(What is needed) Take the listing below and print exactly the lines starting at the line containing "Connectez vous à" and ending at the line containing "문재인 대통령이 19일", both ends included, and no others.

(Entries shown)
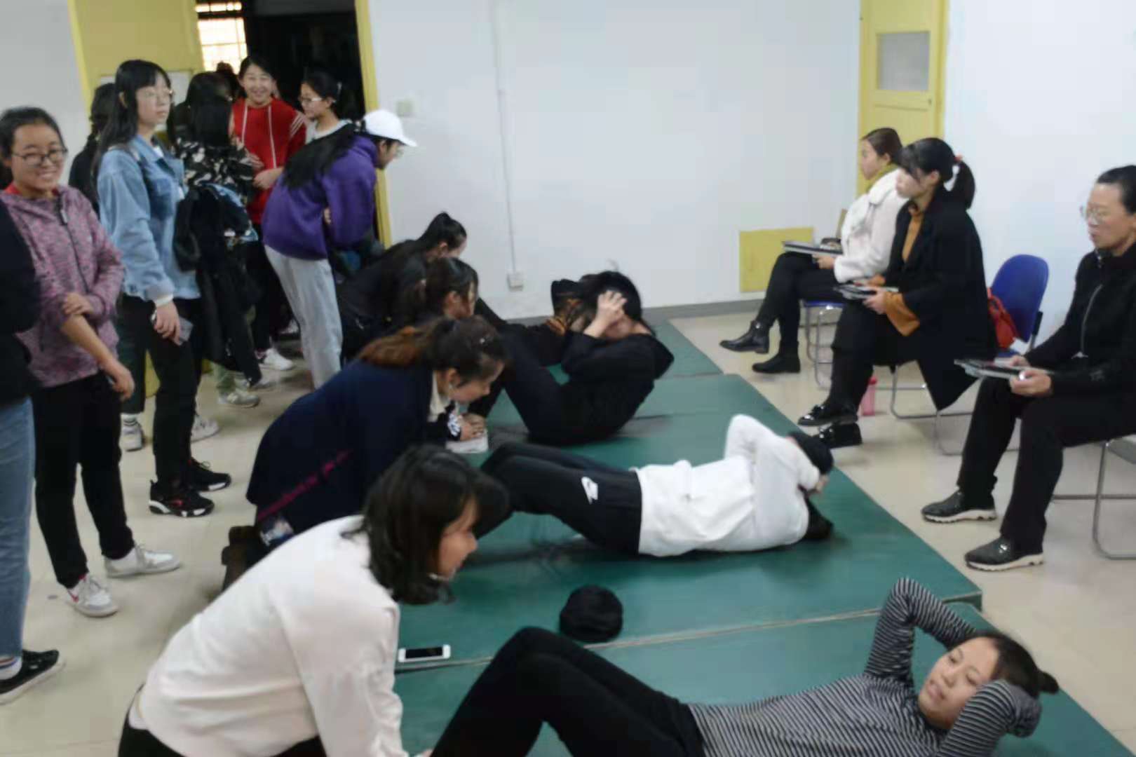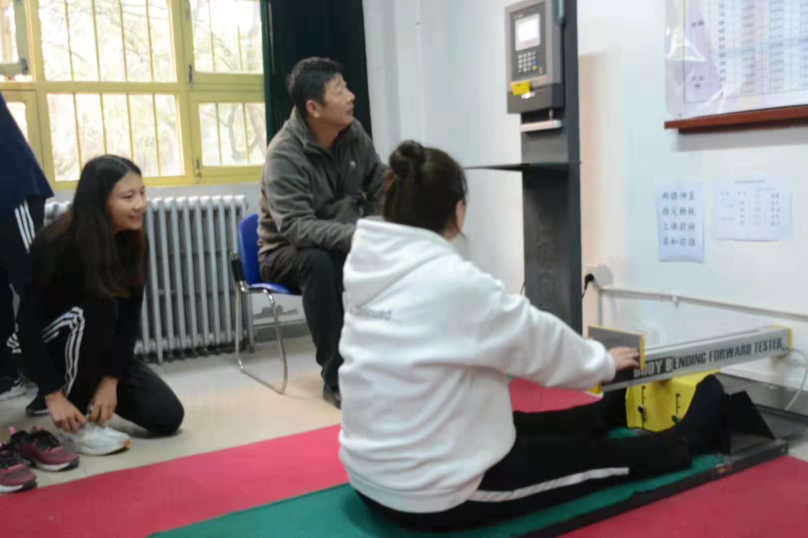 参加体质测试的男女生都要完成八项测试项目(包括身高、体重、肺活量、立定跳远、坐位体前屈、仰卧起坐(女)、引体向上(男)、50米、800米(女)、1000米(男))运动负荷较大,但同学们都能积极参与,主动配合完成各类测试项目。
* * *
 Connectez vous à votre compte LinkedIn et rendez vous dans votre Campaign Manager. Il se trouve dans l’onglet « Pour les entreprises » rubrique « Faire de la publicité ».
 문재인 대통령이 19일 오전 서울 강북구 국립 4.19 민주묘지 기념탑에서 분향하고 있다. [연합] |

(Answer to this task)
 Connectez vous à votre compte LinkedIn et rendez vous dans votre Campaign Manager. Il se trouve dans l’onglet « Pour les entreprises » rubrique « Faire de la publicité ».
 문재인 대통령이 19일 오전 서울 강북구 국립 4.19 민주묘지 기념탑에서 분향하고 있다. [연합] |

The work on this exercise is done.